PhiloLogic4's query syntax has 5 basic operators:
- the plain token, essentially, any word at all, split on space, e.g. token
- the quoted token--a string in double quotes, which may contain a space, e.g. "token"
- the range--two tokens separated by a dash, e.g. a-f
- boolean OR, represented grep-style as |, e.g. token | word
- boolean NOT, represented SQL-style as NOT, e.g. token.* NOT tokens
This syntax is the same, but interpreted slightly differently, for the two different types of text query fields: word search
and metadata search.
Word Searches
Full-text word search is unique in having the concept of a "term", which is either a single plain/quoted term, or a group
of plain/quoted terms joined by
|, optionally followed by
NOT and another term-like filter expression:
- plain terms are evaluated without regard to accent. They are currently sensitive to case, to allow for named entity search--this
is currently implemented only for Greek, however. Regexes are permitted.

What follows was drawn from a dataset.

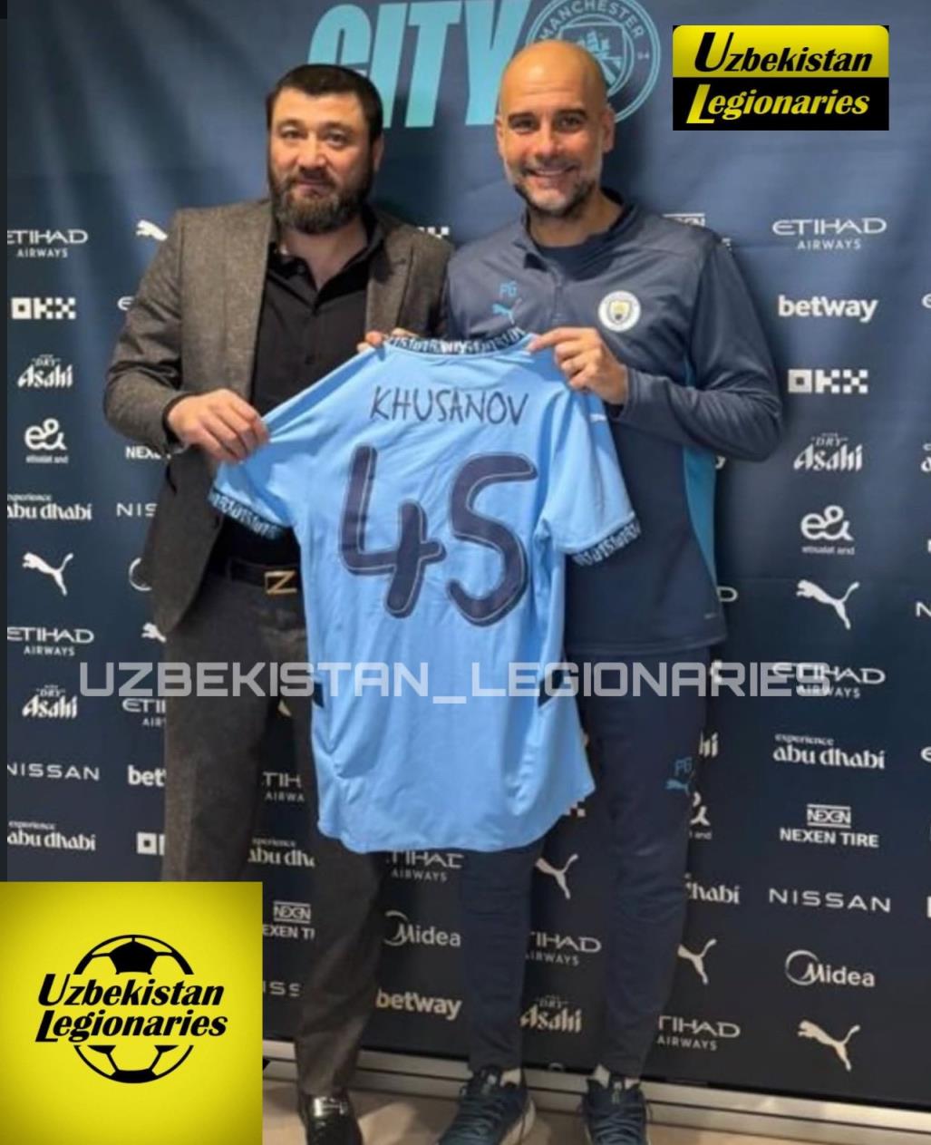 库萨诺夫的父亲、乌兹别克斯坦前国脚哈西莫夫与瓜迪奥拉手举库萨诺夫的45号球衣合影↓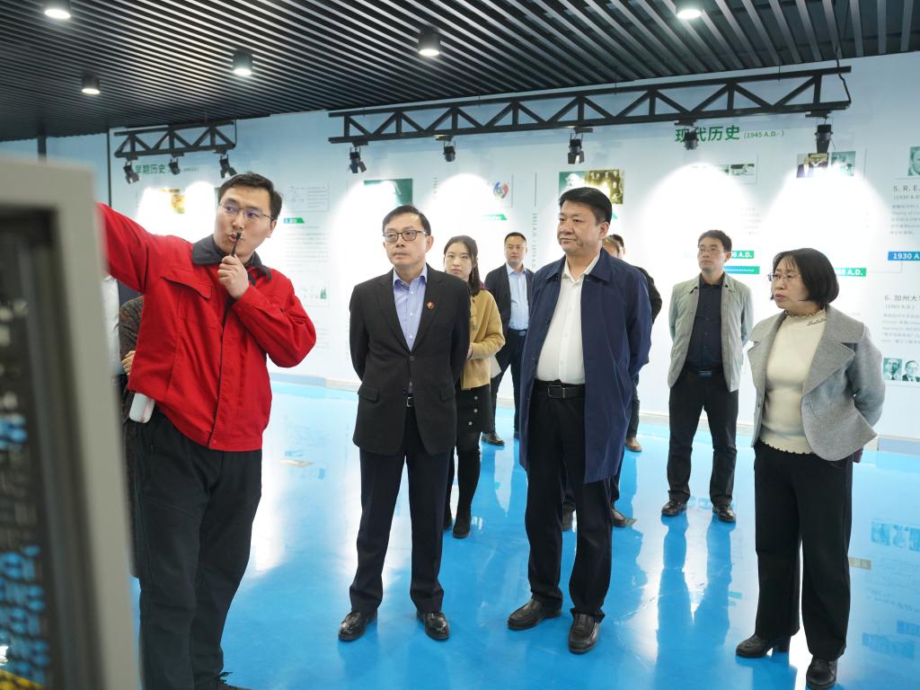 会前,在杨彤的陪同下,刘东海一行到工程训练中心等进行了实地考察。

- quoted terms are case and accent sensitive. Regexes are permitted.
- the range is not operational. In the future, stub this out to make hyphenated search terms less of a pain to escape.
- OR can conjoin plain and quoted tokens, and precedes evaluation of phrase distance.
- NOT is a filter on a preceding term, but cannot stand alone: a.* NOT abalone is legal, NOT a.* is illegal
Metadata Searches
Metadata search does not support phrases, but supports more sophisticated Boolean searching:
- plain tokens separated by spaces have an implied AND between them, but are treated as position-independent tokens.
Regexes are permitted, but will not span over the bounds of a token.
- quoted tokens must now match against the ENTIRE metadata string value in the database, including spaces and punctuations.
It will not match a single term within a larger string, no matter how precise. Regexes are permitted
- range allows for numeric and string ranges on all metadata fields.
- OR can still be used to conjoin plain tokens, preceding the implied Boolean AND, as well
as quoted tokens.
- NOT is still available as both a filter, or a stand-alone negation: contrat NOT social is legal, so is NOT rousseau
Regexp syntax
Basic regexp syntax, adapted from the
egrep regular expression syntax:
- The character . matches any single character except newline.
- Bracket expressions can match sets or ranges of characters: [aeiou] or [a-z],
but will only match a single character unless followed by one of the quantifiers below.
- * indicates that the regular expression should match zero or more occurrences of the previous
character or bracketed group.
- + indicates that the regular expression should match one or more occurrences of the previous
character or bracketed group.
- ? indicates that the regular expression should match zero or one occurrence of the previous
character or bracketed group.
Thus,
.* is an approximate "match anything" wildcard operator, rather than the more traditional
(but less precise)
* in many other search engines.